**TASK REQUIREMENTS**
Could you transcribe exactly the lines below, from the line with "JRS直播网01月22日讯 ,此前湖人险" through the line with "3 Chicken Tenders", and nothing else, leaving out the pictures?

### DATA EXCERPTS ###

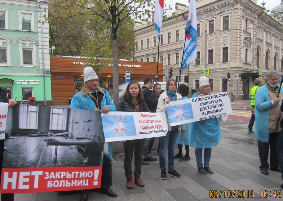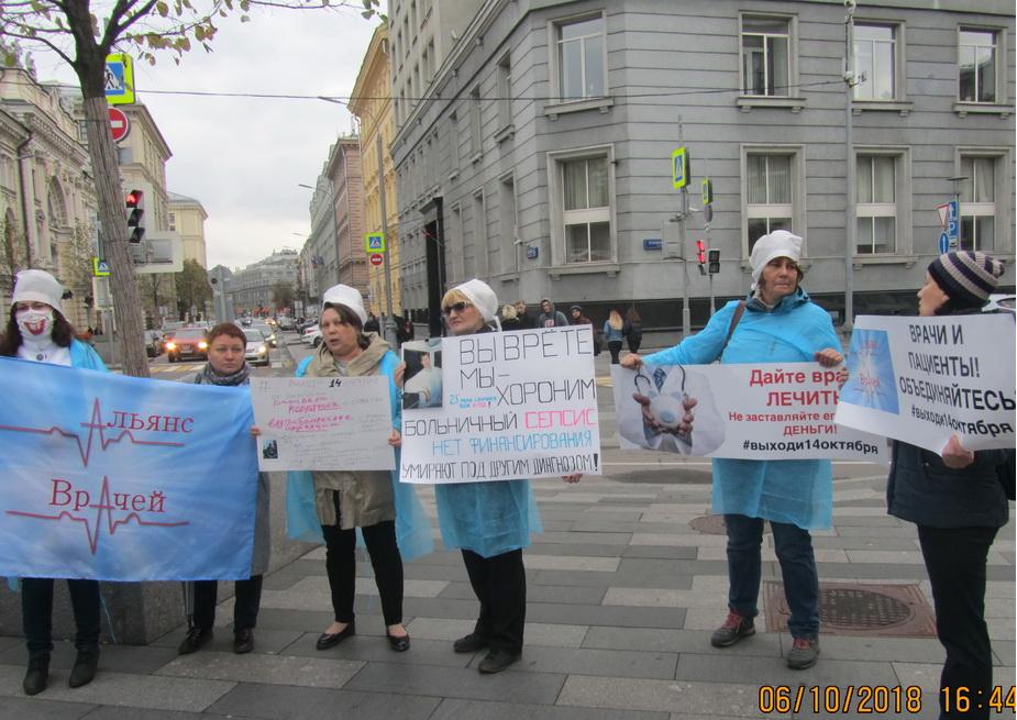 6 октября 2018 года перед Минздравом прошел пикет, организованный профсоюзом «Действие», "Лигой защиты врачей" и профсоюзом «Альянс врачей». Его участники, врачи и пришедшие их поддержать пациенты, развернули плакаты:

###
### DATA EXCERPTS ###

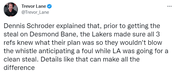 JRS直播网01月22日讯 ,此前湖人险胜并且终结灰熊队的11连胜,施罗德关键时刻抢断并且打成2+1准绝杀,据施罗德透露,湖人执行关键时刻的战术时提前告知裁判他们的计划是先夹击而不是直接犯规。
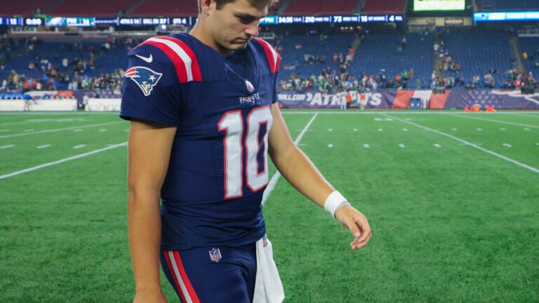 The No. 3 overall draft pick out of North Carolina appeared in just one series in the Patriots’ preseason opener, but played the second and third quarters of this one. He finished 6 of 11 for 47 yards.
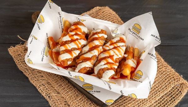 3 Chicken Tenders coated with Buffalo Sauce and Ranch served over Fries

###

**ANSWER**
 JRS直播网01月22日讯 ,此前湖人险胜并且终结灰熊队的11连胜,施罗德关键时刻抢断并且打成2+1准绝杀,据施罗德透露,湖人执行关键时刻的战术时提前告知裁判他们的计划是先夹击而不是直接犯规。
 The No. 3 overall draft pick out of North Carolina appeared in just one series in the Patriots’ preseason opener, but played the second and third quarters of this one. He finished 6 of 11 for 47 yards.
 3 Chicken Tenders coated with Buffalo Sauce and Ranch served over Fries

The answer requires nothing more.